Three PH students who submitted photos to the project were awarded prizes—gift cards to [print stores in San Francisco]—by the department. Mackenzie Smith, Rachelle Steele, and Shawna Gardner received the first, second, and third-place prizes, respectively, for their heartwarming contributions. 

Photo courtesy of the School of Photography.

Meet the Winners 

“I especially loved the theme, because I think that’s what a lot of people are yearning for and lacking in their life right now—the literal connectedness and touch and all that,” said Steele, an M.A. student who submitted a portrait from her ongoing series, “Decades of Love,” which documents elderly couples. “To me, the couples I photograph are the pinnacle of trust, love, closeness, embracing—I thought it was really fitting.” 

Though the photo project has been ongoing since before the pandemic hit, Steele’s work is especially poignant now, at a time in history when the elder population is particularly vulnerable. 

“Maybe a good outcome of COVID, if there is one, is the renewal of sensitivity towards the preciousness of our elderly community,” said Steele. “Now, the spotlight is on how we should protect and revere the older generations, not cast them aside.”

For recent B.F.A. graduate Smith, the tree decoration project offered an opportunity to submit personal photos rather than having to stick to rigid criteria. She submitted a photo from her Spring Show exhibition, but also a personal snap—a selfie of her and her long-distance boyfriend of over four years, McKinley. Smith was surprised when the selfie took first place out of the department. 

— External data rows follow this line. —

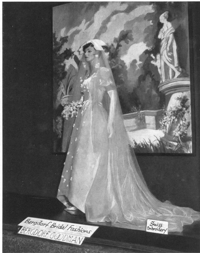
Robe de mariée en broderie suisse, exposée dans une vitrine du magasin Bergdorf-Goodman à New York Swiss embroidery bridal gown displayed in a Bergdorf-Goodman's store window in New York City
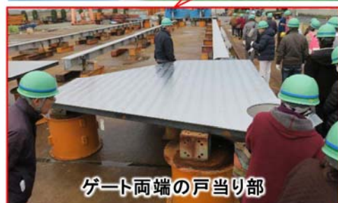
ゲート両端の戸当り部
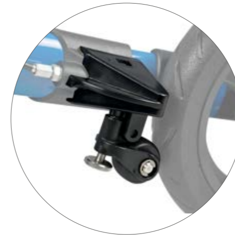
Rollwiderstand-System (RWS) unterhalb des Kantenabweisers montiert.

Dieses wird ober- oder unterhalb des Kantenabweisers am Rad angebracht und ist über das Einstellrädchen stufenlos verstellbar. So kann der Widerstand des Rollators individuell an die Bedürfnisse des Nutzers angepasst werden – immer so, dass der Nutzer den optimalen Widerstand erhält, um sicher und gleichmäßig gehen zu können.
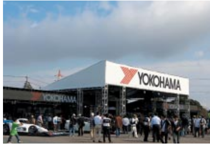
GPスクエアに設置されたYOKOHAMAブース

WTCCとスーパー耐久のワンメイクタイヤサプライヤーである横浜ゴム様には、GPスクエアでのプロモーション展開をはじめ、多彩に大会を盛り上げていただきました。
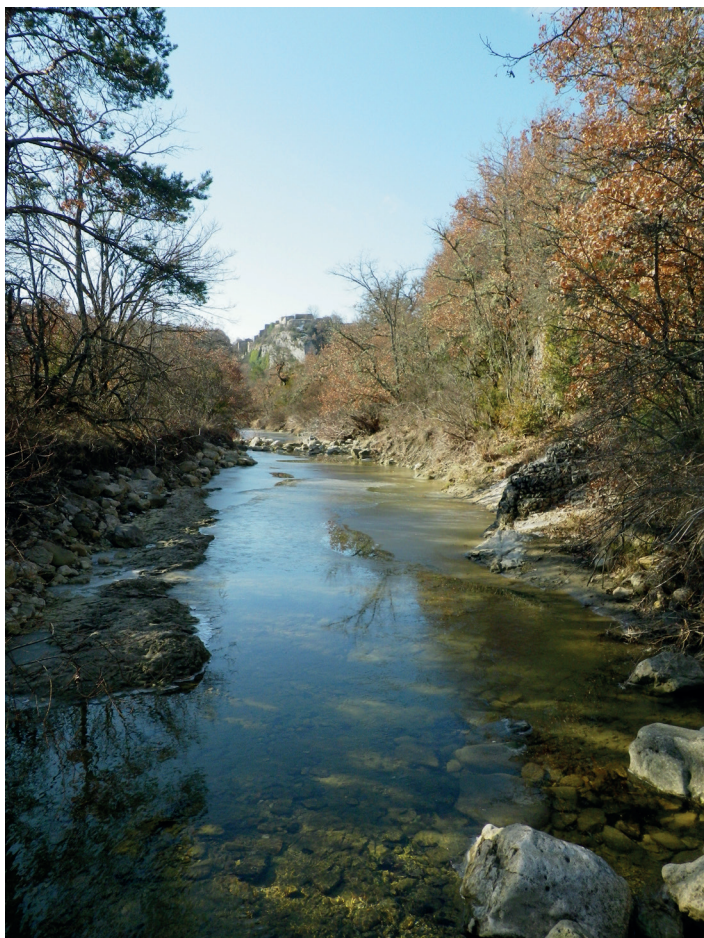
Calavon, povremena rijeka u Francuskoj, u toku jesenje akvatične faze (lijevo) i ljetnje terestrične faze (desno).

Povremene rijeke i efemerni potoci (IRES) su vodeni tokovi koja prekidaju svoj tok i ponekad presušuju. IRES pokriva više od polovine svjetske riječne mreže na globalnom nivou i nastavljaju i dalje da se šire zbog globalnih promjena. IRES su veoma dinamični vodeni i kopneni ekosistemi koji se karakterišu bogatim biodiverzitetom i koji pružaju višestruke koristi društvu, uključujući vodu, hranu, transport i slobodno vrijeme.
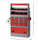
5006 E9 - Assortment for right side

A closer look at the School of Photography’s winning tree. Photo courtesy of the School of Photography.

“We’ve sacrificed a lot to pursue our own separate careers and dreams,” said Smith. “It was so sweet that our photo is the one that ended up winning.” 

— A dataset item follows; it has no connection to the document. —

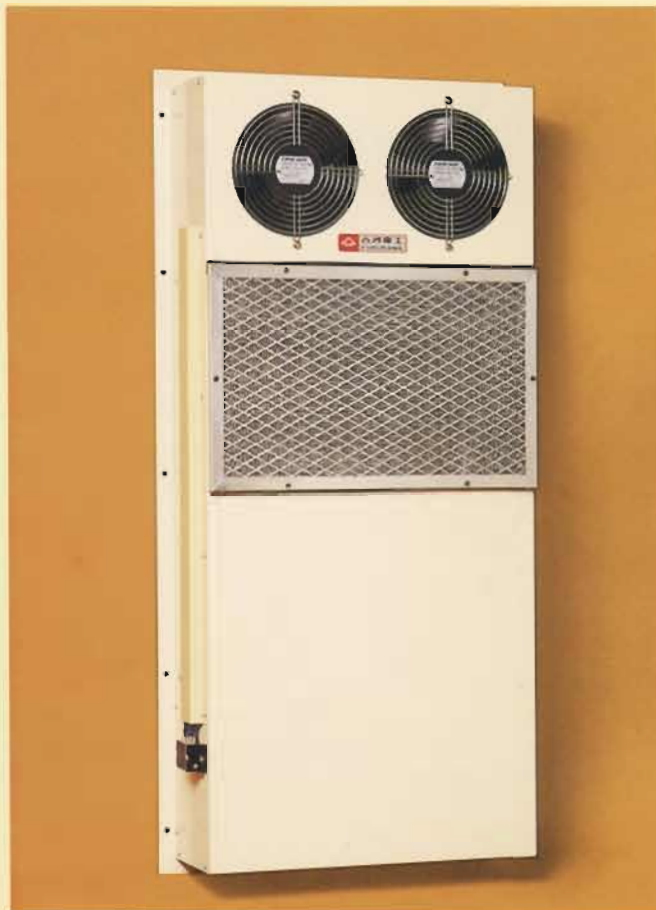
扉(側面)設置型 10Z-2R-440L (写真は外付タイプ)

近年、制御盤、操作盤、配電盤、計測盤などには、コンピュータ、NC装置、精密機器、電子機器などが内蔵されることが多くなっています。これらの盤は塵埃、オイルミスト、湿気、有毒ガスなど環境の悪い場所で使用しますと機能劣化、誤作動など不具合が発生するため筐体の密閉化と、それにともなって内部にたまる熱の放出が必要になります。
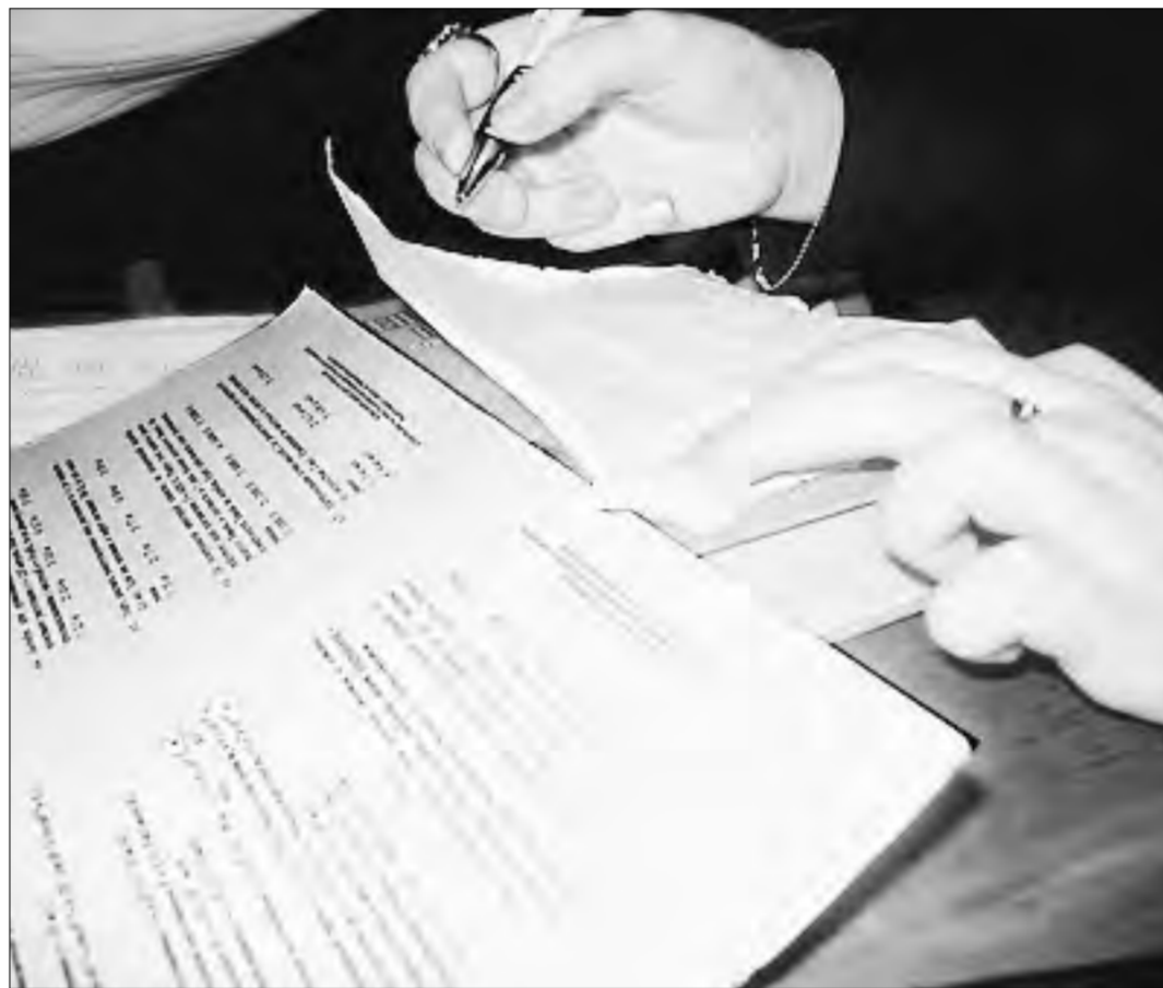
ЕГЭ задумывался как система оценки знаний выпускников, способная противостоять дискредитировавшим себя традиционным экзаменам

Самой обсуждаемой проблемой сегодня применительно к аббревиатуре ЕГЭ являются злоупотребления, подлоги, махинации, связанные с этим экзаменом. Поводом к тому явился поступок школьницы Ленинградской области, который поместил в Интернете прорешанные варианты реального теста за 10 часов до экзамена. Большой вопрос не как мальчик достал тесты, а зачем он поместил информацию в Интернете. Представляется, что из мальчишеского бахвальства — смотрите, какой я крутой! Чиновники всех уровней пытаются сделать хорошую мину при плохой игре: доказывают, что этого не может быть никогда («Никада и Ничаво», как говорил Хрюн Моржев в одной почившей в бозе передаче). Гадкий мальчик злодейски выкрал экзаменационный материал и понесет за это суровое наказание. Но любому человеку, мало-мальски знакомому с системой образования, ясно, как на самом деле это было: где-то близко к этим пакетам работал отец дядя, сосед, сосед соседа — и

Smith, who relocated to Atlanta upon graduating, is looking forward to ending the long-distance chapter in her relationship but is grateful that she already had the tools to make it work before the pandemic hit. 

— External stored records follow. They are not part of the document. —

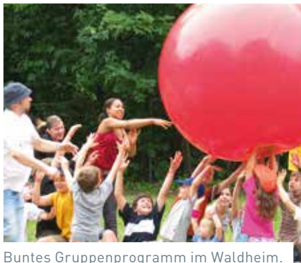
Buntes Gruppenprogramm im Waldheim.

Heller: Das Waldheim beginnt jeden Morgen um 8:30 Uhr und endet um 18:00 Uhr. Die Kinder fahren morgens mit Sonderbussen, die von unseren Betreuern begleitet werden, ins Waldheim. Als Erstes gibt es eine Begrüßung und der Tag beginnt mit einem gemeinsamen Frühstück. Danach findet das Gruppenprogramm
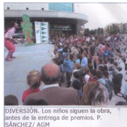
DIVERSIÓN. Los niños siguen la obra, antes de la entrega de premios.

La plaza de El Corte Inglés albergó ayer un festival infantil al que asistieron, entre niños y mayores, unas quinientas personas. Se representó la obra Los tres cerditos, dirigida por Pilar Culiáñez, y se entregaron los premios del concurso de dibujo del Día de la Madre y Don Quijote de la Mancha.
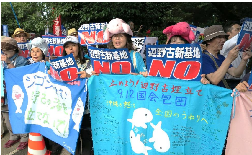
ジュゴンの帽子をかぶりプラカードを掲げて抗議する参加者（国会正門前）

沖縄県名護市の辺野古新基地建設をめぐる政府と沖縄県による集中協議が決裂して終了し、12日朝、中断していた辺野古沿岸部での埋め立て工事が再開されました。一方、翁長知事は14日にも辺野古埋め立て承認の取り消し手続きに入る考えを明らかにしました。これを受けて9月12日、国会前では辺野古新基地建設に反対する「止めよう！辺野古埋め立て 9.12 国会包囲行動」が開かれ、集まった2万2
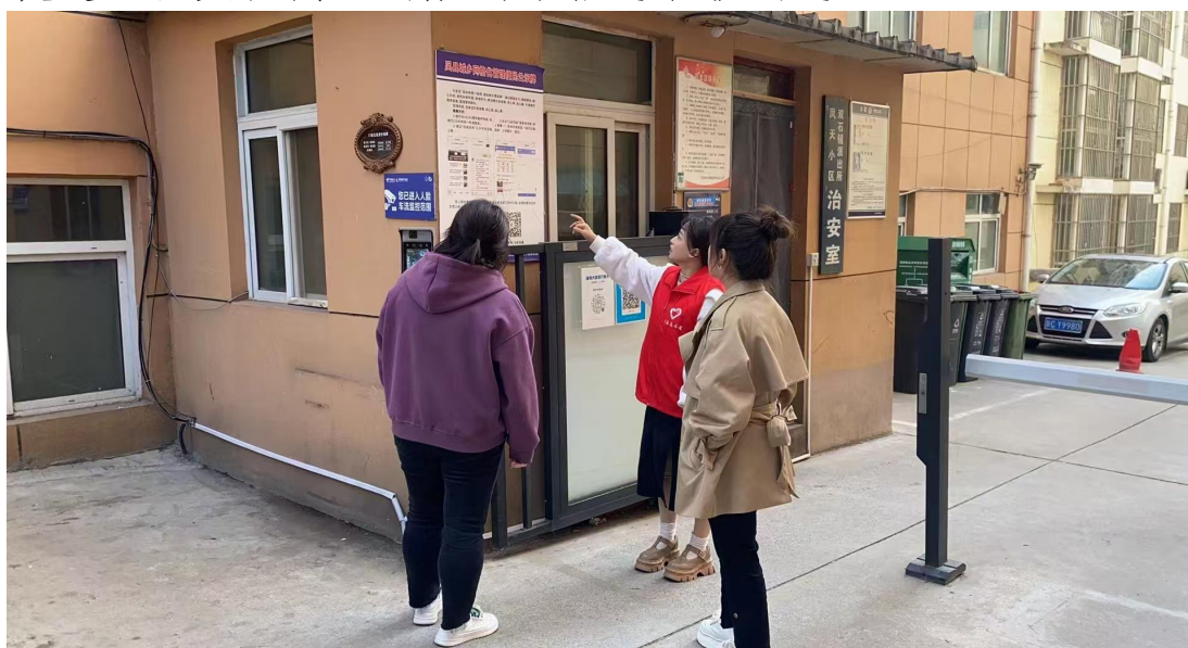
社区工作人员为群众介绍小区网格化便民公示牌

和电话。第一级，由下沉干部或中心户长为群主，建立基础群，群众有需求直接在群中反映，中心户长和下沉干部直接上报“七彩凤县”社会治理信息平台，中心交办、督办、反馈、评价，形成闭环管理；第二级，由责任单位主要领导为群主，建立协调群；第三级，由包抓网格的县级领导为群主，建立指挥群。三级微信群的建立，进一步拓宽了民意传达渠道，拉近了干部和群众的距离，居民在群里反映的路灯不亮、水管破裂等问题，常常在几小时内就能得到响应和解决。为了让信息传递更接地气，凤县还鼓励网格员用方言语音在群内解读政策、发布通知，这一贴心举措尤其受到了不熟悉普通话的老年群体的欢迎，切实提高了群众的幸福感和获得感。

“Luckily, we already knew how to do date night on video chat, how to watch movies together, so when he had to cancel his flight out to visit me last March, we already knew how to spend time with each other long-distance,” said Smith. 

Gardner, who recently graduated with her B.F.A., submitted a bittersweet memory from her personal archives. In the black-and-white photo, a man lies under a thick blanket in a hospital bed, tightly clasping an outstretched hand from behind the camera. It’s a tender scene, one that Gardner said played out often over the last few months of her husband’s life. 

“My husband was a big supporter of mine in fulfilling my dream of getting a bachelor’s degree, but we lost him a year and a half ago,” said Gardner. “In his last few months, he spent a lot of time in the hospital, and I spent a lot of time there holding his hand.” 

Photo courtesy of the School of Photography.

Gardner says she has thought about that time often throughout this pandemic. 

“It would have been really difficult for him, living the way that we live nowadays,” said Gardner. “I look back on that time and just think that I’m really glad that it happened when it happened, and not now. If he was sick and in the hospital now, no one would be able to be with him. We were so fortunate that we could be with him at the hospital—there are thousands and thousands of people who are sick right now and cannot be there to support the ones they love.”    

A San Francisco native whose family immigrated there from the Philippines, Gardner’s husband Jose Montuya loved the city and was big on Christmastime; Gardner says it’s a perfect tribute. 

“Our whole family is proud that he was a part of this iconic piece of San Francisco,” said Gardner. “He fits perfectly because that’s his city.”